*DIRECTIONS*
Every line of the data below should be retyped exactly, with no images carried over.

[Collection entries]

────────────────────────────────────────

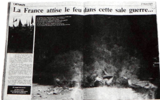
Deux versions d'une photo. En 1982, le magazine de droite Le Figaro publie cette photo recadrée et retouchée, avec la mention «Massacre des Indiens Mosquitos, farouchement anti-castristes, par les Barbudos socialo-marxistes du Nicaragua.» L'originale montrait des employés de la Croix Rouge qui brûlaient, pour l'hygiène, des cadavres des deux factions.
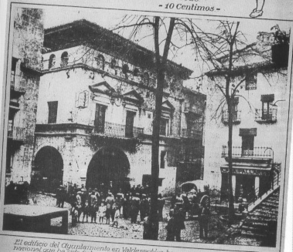
El edificio del Ayuntamiento en Valderrobres, hermosa muestra del arte nacional, que ha sido fielmente reproducido en la plaza mayor del Pueblo Español, de la Exposición.

Nº 2 - Barcelona 28 de Abril de 1929 - 10 Centimos -
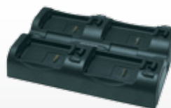
• Mehrfach Ladestationen
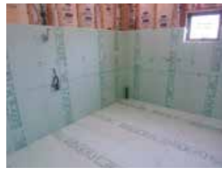
床・壁・天井に断熱材を入れます（壁は二重）
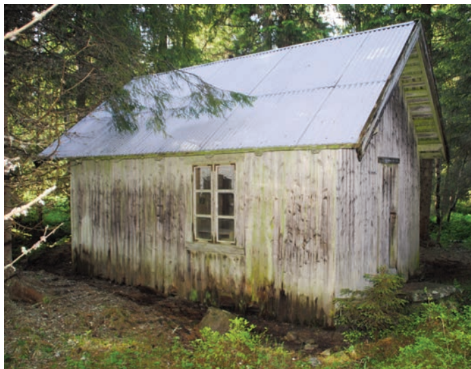
Slåttebua på Hovslette står fortsatt

Nå har de fleste slettene blitt solgt til gardar i Landåsbygda og Fluberg, og bare Ruud, Ringeli og Rønningsveen er Snertingdalsbruk som har sletter i fortsatt eie. På flere av slettene finner vi ennå enkle «slåttebuer», husvær som ble brukt under innhøstingen. Men de fleste slåttene er overgrodd av skog, og bare to-tre kan sies å bli brukt som beite. Resten bruker sau og elg som matfat. Og «mat» finnes det her. Villgraset som vokser over myrene her mangler sidestykke. Det ser ut
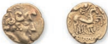
3 Carnutes. Statère à la joue ornée et à la lyre. (II e s. et début du I er s. av. J-C.). Tête laurée à d., trois perles en triangle sous l'oreille. R./ Bige à d. conduit par un aurige, dessous, lyre inversée. (DT 2525, LT 5951 var.). 7,25 g. Très Beau. Portrait de caractère. 2 000 / 2 500 €
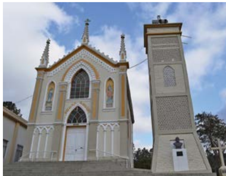
Igreja Nossa Senhora do Rosário, em Nova Roma.

────────────────────────────────────────

*ANSWER SECTION*
Deux versions d'une photo. En 1982, le magazine de droite Le Figaro publie cette photo recadrée et retouchée, avec la mention «Massacre des Indiens Mosquitos, farouchement anti-castristes, par les Barbudos socialo-marxistes du Nicaragua.» L'originale montrait des employés de la Croix Rouge qui brûlaient, pour l'hygiène, des cadavres des deux factions.
El edificio del Ayuntamiento en Valderrobres, hermosa muestra del arte nacional, que ha sido fielmente reproducido en la plaza mayor del Pueblo Español, de la Exposición.

Nº 2 - Barcelona 28 de Abril de 1929 - 10 Centimos -
• Mehrfach Ladestationen
床・壁・天井に断熱材を入れます（壁は二重）
Slåttebua på Hovslette står fortsatt

Nå har de fleste slettene blitt solgt til gardar i Landåsbygda og Fluberg, og bare Ruud, Ringeli og Rønningsveen er Snertingdalsbruk som har sletter i fortsatt eie. På flere av slettene finner vi ennå enkle «slåttebuer», husvær som ble brukt under innhøstingen. Men de fleste slåttene er overgrodd av skog, og bare to-tre kan sies å bli brukt som beite. Resten bruker sau og elg som matfat. Og «mat» finnes det her. Villgraset som vokser over myrene her mangler sidestykke. Det ser ut
3 Carnutes. Statère à la joue ornée et à la lyre. (II e s. et début du I er s. av. J-C.). Tête laurée à d., trois perles en triangle sous l'oreille. R./ Bige à d. conduit par un aurige, dessous, lyre inversée. (DT 2525, LT 5951 var.). 7,25 g. Très Beau. Portrait de caractère. 2 000 / 2 500 €
Igreja Nossa Senhora do Rosário, em Nova Roma.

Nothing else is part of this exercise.